Supercoiliology in the Lab
Making Top10 E. coli cells
Test competency by transforming pUC19 plasmid into E. coli cells and determining the CFU/ml, making sure it falls within an adequate range.
Design primers (introducing EX and SP restriction sites upstream and downstream of the gyrase ORFs) for gyrase a and b, forward and reverse based on EcoCyc and Eurofin from the E. coli genome.
Use polymerase chain reaction (PCR) to isolate genes for gyrase a and gyrase b in order to extract them from the wild type E.coli genome.
Check EX SP restriction sites in wild type gyrase genes (using the NEB cutter 2.0 website, checks the restriction sites we have in the DNA sequence we want to study). This is done in order to assess whether or not the cutting sites are located on the gene of interest which would help us determine which restriction enzymes we must use to excise the desired gene.
Do PCR to extract and amplify the wild type gyrase A and B genes.
Purify the PCR product.
Ligate the PCR product of the wild type genes into a single plasmid backbone, PSB1C3.
In order to better determine whether or not we had successful ligations of our PCR product into the PSB1C3 backbone, we used a BBa_Jo4450 RFP expression cassette for the ligation of the psb1C3 backbone.

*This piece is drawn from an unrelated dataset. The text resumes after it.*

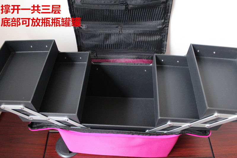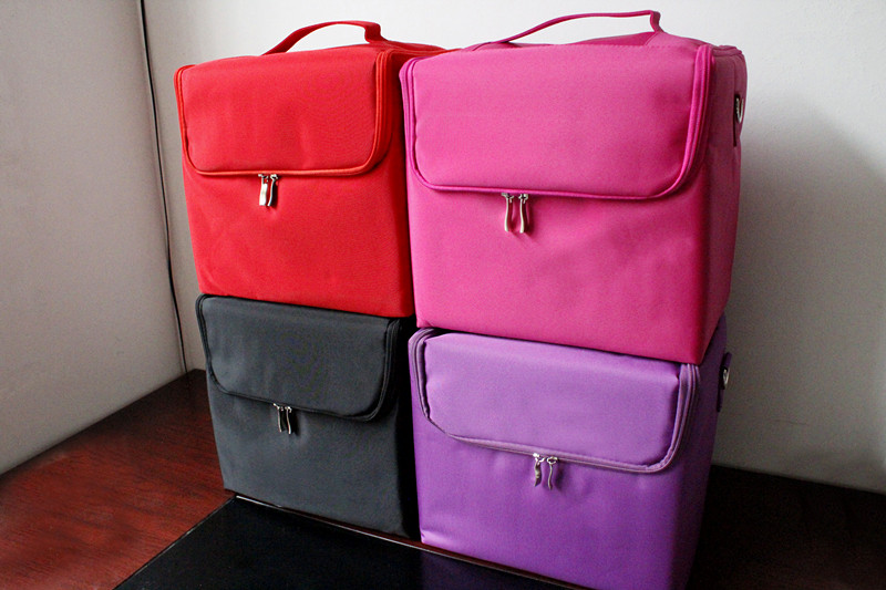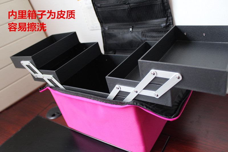 此款化妆箱为专业跟妆师,化妆师,影楼化妆师专用专业化妆包,新娘婚礼跟妆箱,外面为布艺,有着非常好的耐磨性,容易打理等特性,内在是三层大容量,因价格低廉,受到很MM的大爱,尤其是初学者的最爱。
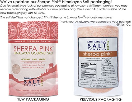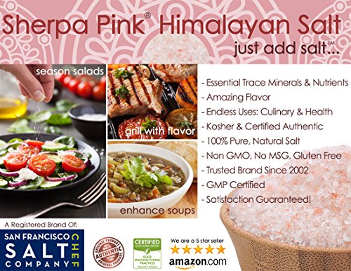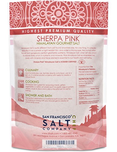 - Feature : TASTES GREAT -- Our 100% pure Himalayan pink salt tastes great and is certified Kosher. Sherpa Pink Himalayan salt is great for seasoning meats, grilled vegetables, a variety of salads (such as pasta, egg or potato salads), soups & stews and is also a flavorful salt to use for baking. / 100% NATURAL PINK & CERTIFIED -- We import ONLY the highest quality food grade Himalayan salts and package in our U.S.A, GMP certified packaging facility that is 3rd party audited, by SCS Global. / HEALTH BENEFITS -- Himalayan salt has become well known for its amazing health benefits. It re-mineralizes the body with minerals and trace elements essential to our health and well being. Our Himalayan pink salt is rich in trace minerals - including Calcium, Magnesium, Potassium, Copper and Iron. / 100% MONEY BACK GUARANTEE - The San Francisco Salt Company is confident that you will be happy with the quality of our products and stand behind every single item. If you are not satisfied with your purchase return the product for a full refund. / AVAILABLE IN 3 GRAIN SIZES -- Sherpa Himalayan pink salt is available in Extra-Fine, Fine and Medium Grain Sizes. If you're looking for a very small size grain try our best selling Extra-Fine size. If you want a larger grain to grind yourself try our Medium size. PLEASE SEE GRAIN COMPARISON IMAGE (AT LEFT) TO CHOOSE THE GRAIN THAT BEST SUITS YOUR NEEDS.

After ligating, we transform bacteria with plasmid to find out which culture has right insert. Plate out on a chloramphenicol (Cm) plate. The bacterium which has the right insert will turn white, whereas the ones which have taken up the wrong insert or have self ligated will stay red.
Do an overnight culture of the successfully ligated colonies and mini prep them in order to purify the DNA so that it can be used for subsequent procedures.

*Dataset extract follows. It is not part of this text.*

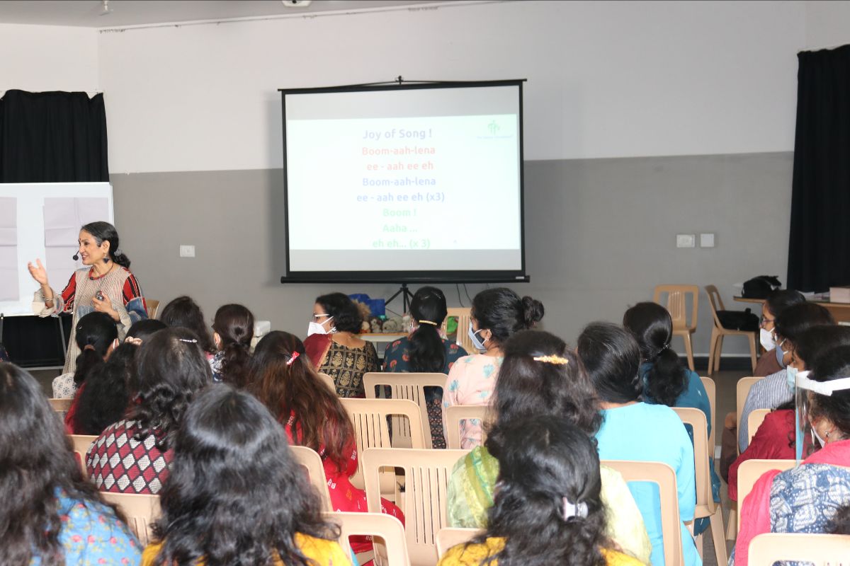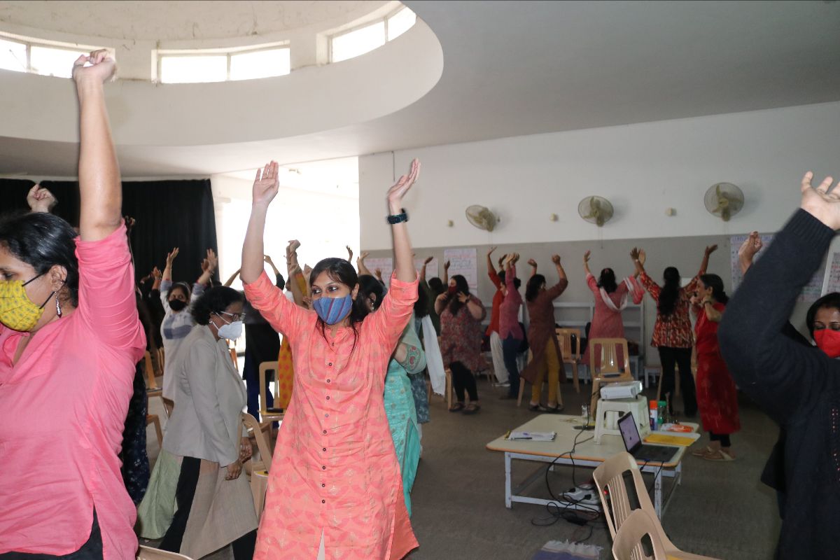 Over 55 teachers from VidyaShilp group of schools participated in a 2 day workshop on Jenny Mosley's Whole School Quality Circle Time (QCT) on 7th and 8th October, 2021. QCT helps foster Social & Emotional Learning and Well-being in children and teachers alike with a focus on self esteem, collaboration, mutual trust, respect and empathy.
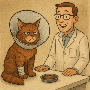 Cuando paramos, vi que había puesto el transportín sobre la mesa del veterinario. Y ahí, enfrente de mi, estaba él enseñándome todos sus dientes, con lo que los humanos llaman una sonrisa, y diciendo cosas con una voz melosa, como si yo fuese un bebé. Estaba muy nervioso. No quería salir del transportín. Tenía dos opciones: o dejar cao a ese señor de dientes blancos, o ceder y salir. Pensé que lo mejor sería salir, porque lo otro sería meterme ya en demasiados problemas. Además, me habían puesto una lata de comida que olía de maravilla al otro lado de la mesa… Asi es que, recordando las palabras de mi antiguo amor, decidí salir del transportín con dignidad y sin cojear, y comerme tranquilamente ese rico paté.

Digest DNA samples using EcoR1 and Pst1. Then check digested product on gel to make sure that the insert is the correct size. This is to be followed up by doing DNA sequencing.
After obtaining the correct gyrase insert we do site directed mutagenesis again.
In gyrase A, Pst1 cuts at 1612th base pair position while for gyrase B, Ecor1 cuts at 6th base pair position. This was a rather large issue as it meant any further digestions done with on these inserts using the aforementioned enzymes would destroy the genes.
A site directed mutagenesis was done using the Stratagem kit to remove these cutting sites from the gyrase genes of both the A and B subunits.
We took the plac IPTG inducible promoter with RBS, BBa_J04500 from the iGEM registry plates and transformed it and extracted the required gene.
The plac promoter+ RBS was ligated together with gyrase A.
Gyrase B is to be ligated with the terminator BBa_B0015 obtained from the Registry plates.
A 3A assembly is done with all the parts.